Charles asked me some, including where I went to school. I suppose he was determining whether I was a suitable match for Rufus. Smith College, the Rhode Island School of Design, the whole boring litany leading up to Mills. He listened well. Sharp guy. It seemed we had a connection outside of blonde family members and much beloveds. Midge had gone to one of the Seven Sisters. So it seemed, had her sister.
Charles related the romantic beginnings of his meeting and courting of Midge, a sparkling-eyed Radcliffe woman now grinning from the catbird seat at the thought of it. A woman with charms extending far beyond a penchant for unusually colored kitchen walls. An original. She was his treasure. Her sister smiled agreement to the facts, still a rich story – though they all lived through it so many years ago.
Charles then learned that my birthplace (Alta Bates) had been a pink stucco building when I arrived, and that my Dad had worked in educational television and broadcasting. KRON, KQED. He learned quickly, this one. He had many complimentary things to say about every subject we touched on. He knew how to be charming, and was.

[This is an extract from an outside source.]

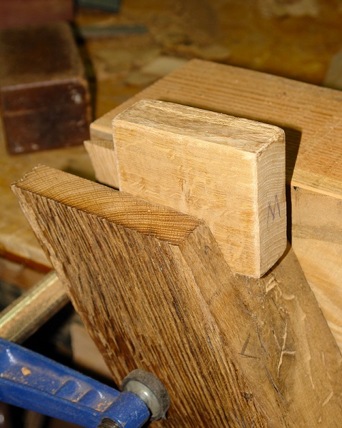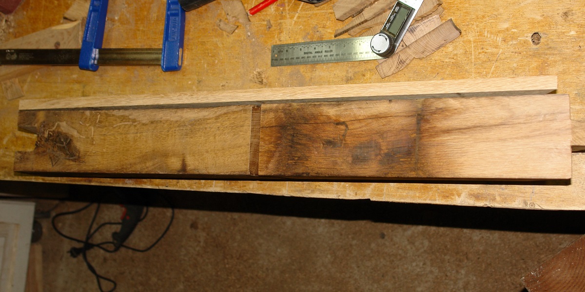 Dit balkje bestaat uit 3 delen; 2 stukjes eiken balk en een eiken plank om de zaak bij elkaar te houden. Samen heeft het de juiste lengte, hoogte en breedte. Nadat alles gezaagd was, hebben we het gelijmd, met voor de zekerheid wat schroeven (aan de achterkant).

Charles alluded lightly to his line of business (design) and the politics of many of his clients (conservative) while we discussed his decor. He was a Chi Phi (is that right?), and Rufus first met him at the Cal house when he was roommates with Peter, Charles’ son. Charles visited them there, occasionally as I heard it camping out on their floor. I imagine it as all being quite chummy. I have no idea how they all managed to sleep.
Those were the days of playing rugby for Hastings and lingering over winter break to the occasional surprise of his frat-mates. Rufus once acted as the cook during a break – the previous incumbents having been somehow dismissed for nefarious reasons. That’s saying a lot for a fraternity house cook, n’est pas? Rufus cooked for a week of break, but more often was likely found downstairs programming the computer or doing things Charles would never be so gauche as to bring up in the presence of an impressionable child and some Ivy league ladies.
Aubergine! I shall never forget it. The man was a raconteur.
Charles, Midge, her sister (aka Auntie Go), and company went with us to see Colley Cibber‘s splendidly remodeled Restoration Play at Cal Shakes a season later, accompanied by Screamin’ Joe and Denise Hawkins. Toward the end of the evening, both and the company were cloaked in blankets, sitting in a rolling theatrical summer fog.
We had a picnic early that afternoon, before the performance. It was a perfect summer evening. There was a little wine, some pate and brie, and some general carrying on over the cornichons and baguette, as I recall. We talked politics and Charles teased us. At one point I think he even made Joe blush. I can’t recall what it was about.
Lord Foppington, you were also one of a kind. Your costumes, your acting, your je ne sais quos. Such a production.
But Charles is now gone. We only learned it this year when I insisted on seeing him again, and getting him to come with us and show Daniel how to shoot pool with his Uncles. He passed in August. I am too late.
Another great personage has left the stage, one he oh so lightly tread during the brief time I knew him — gone this past year. One of his favorite restaurants was Verbena, downtown. Is it still there?
I wish I had gotten more of a chance to know them. They were one of a kind. That mixture of ebullience, wit, and talent, that kind of passionate personality comes along so rarely. We are much the poorer for their loss.
Rest in peace, Charles and Midge Lester.